EXERCISE BRIEF —
Nothing but the lines from the one containing "STADA betrachtet Diversität" through the last line of the records below should be copied, exactly and without pictures.

★ ★ ★ ★

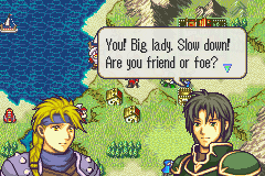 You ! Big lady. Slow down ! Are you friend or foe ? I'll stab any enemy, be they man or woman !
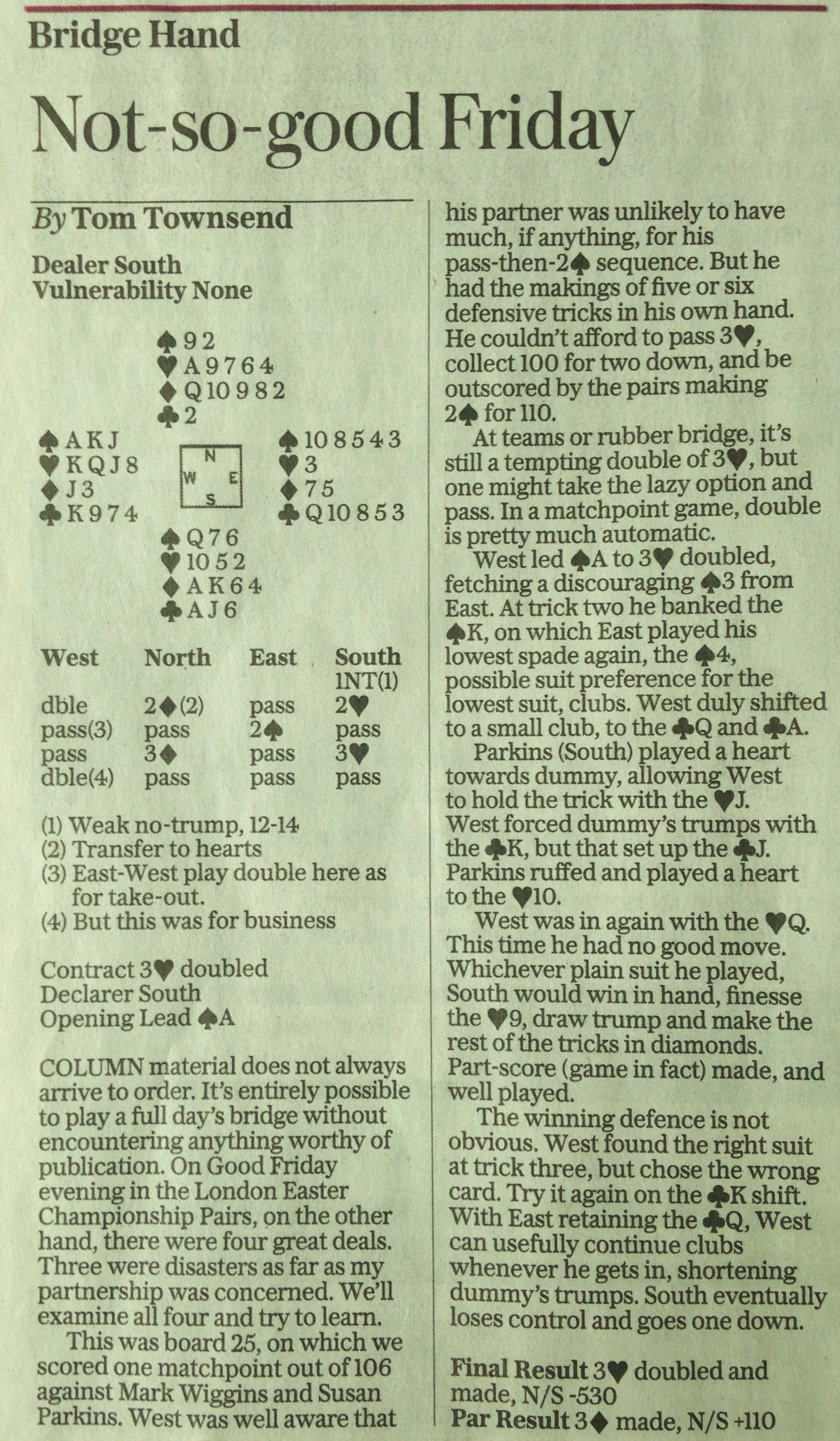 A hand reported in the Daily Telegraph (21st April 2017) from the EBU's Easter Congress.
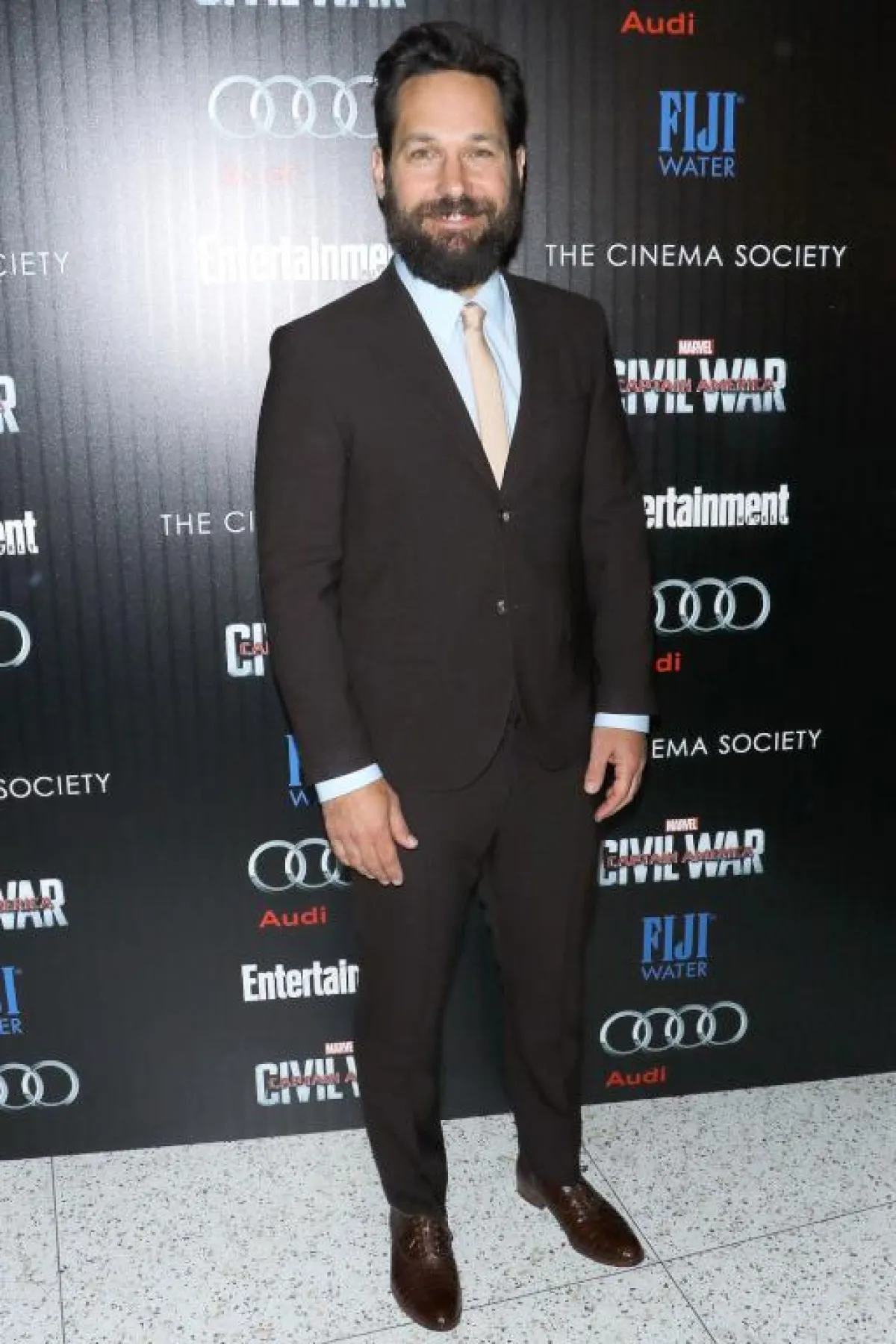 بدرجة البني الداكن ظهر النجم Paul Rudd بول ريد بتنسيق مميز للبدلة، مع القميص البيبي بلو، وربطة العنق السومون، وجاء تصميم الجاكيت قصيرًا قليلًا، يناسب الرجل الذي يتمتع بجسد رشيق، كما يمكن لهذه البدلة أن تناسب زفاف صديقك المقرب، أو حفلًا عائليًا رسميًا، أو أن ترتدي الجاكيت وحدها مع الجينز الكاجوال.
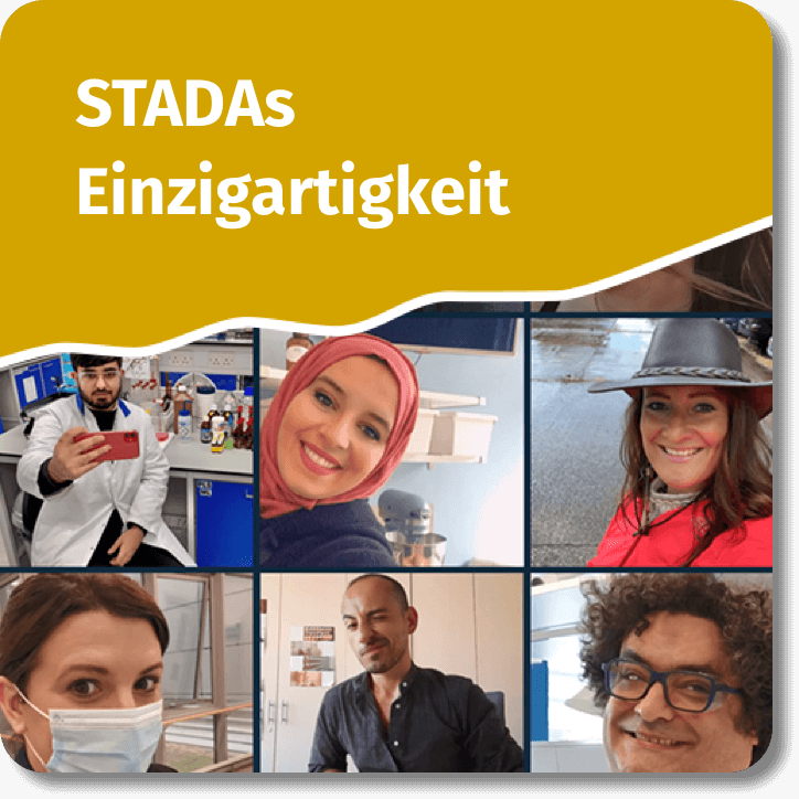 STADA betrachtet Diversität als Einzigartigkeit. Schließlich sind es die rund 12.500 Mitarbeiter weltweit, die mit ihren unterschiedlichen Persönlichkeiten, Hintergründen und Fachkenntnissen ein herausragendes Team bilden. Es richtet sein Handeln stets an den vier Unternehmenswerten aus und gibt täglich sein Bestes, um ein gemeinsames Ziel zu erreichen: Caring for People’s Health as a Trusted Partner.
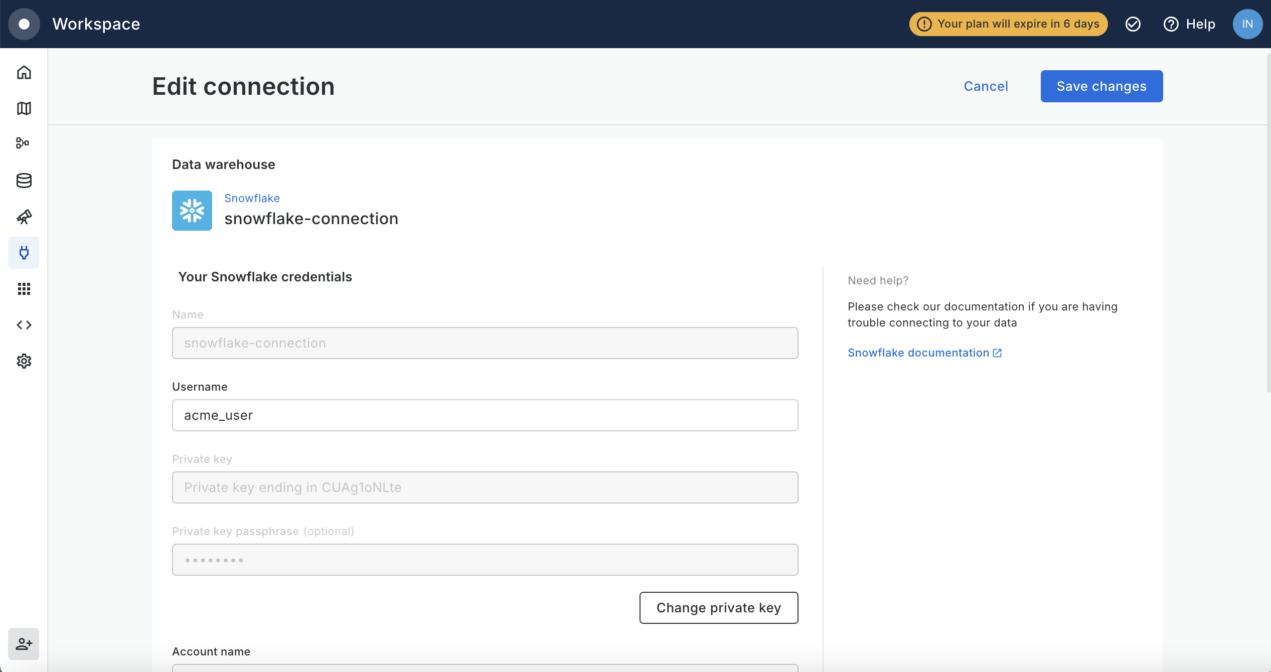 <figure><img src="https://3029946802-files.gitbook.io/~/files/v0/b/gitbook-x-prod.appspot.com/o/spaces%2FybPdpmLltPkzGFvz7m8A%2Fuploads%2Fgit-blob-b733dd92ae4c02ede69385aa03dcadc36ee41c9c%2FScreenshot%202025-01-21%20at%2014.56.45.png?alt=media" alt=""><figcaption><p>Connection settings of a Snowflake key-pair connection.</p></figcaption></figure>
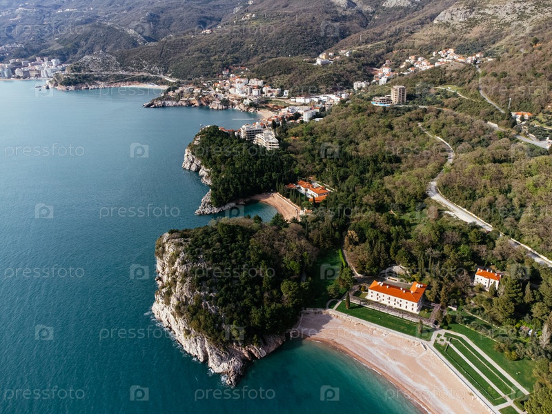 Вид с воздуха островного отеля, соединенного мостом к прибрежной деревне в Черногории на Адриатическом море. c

★ ★ ★ ★

WORKED SOLUTION —
 STADA betrachtet Diversität als Einzigartigkeit. Schließlich sind es die rund 12.500 Mitarbeiter weltweit, die mit ihren unterschiedlichen Persönlichkeiten, Hintergründen und Fachkenntnissen ein herausragendes Team bilden. Es richtet sein Handeln stets an den vier Unternehmenswerten aus und gibt täglich sein Bestes, um ein gemeinsames Ziel zu erreichen: Caring for People’s Health as a Trusted Partner.
 <figure><img src="https://3029946802-files.gitbook.io/~/files/v0/b/gitbook-x-prod.appspot.com/o/spaces%2FybPdpmLltPkzGFvz7m8A%2Fuploads%2Fgit-blob-b733dd92ae4c02ede69385aa03dcadc36ee41c9c%2FScreenshot%202025-01-21%20at%2014.56.45.png?alt=media" alt=""><figcaption><p>Connection settings of a Snowflake key-pair connection.</p></figcaption></figure>
 Вид с воздуха островного отеля, соединенного мостом к прибрежной деревне в Черногории на Адриатическом море. c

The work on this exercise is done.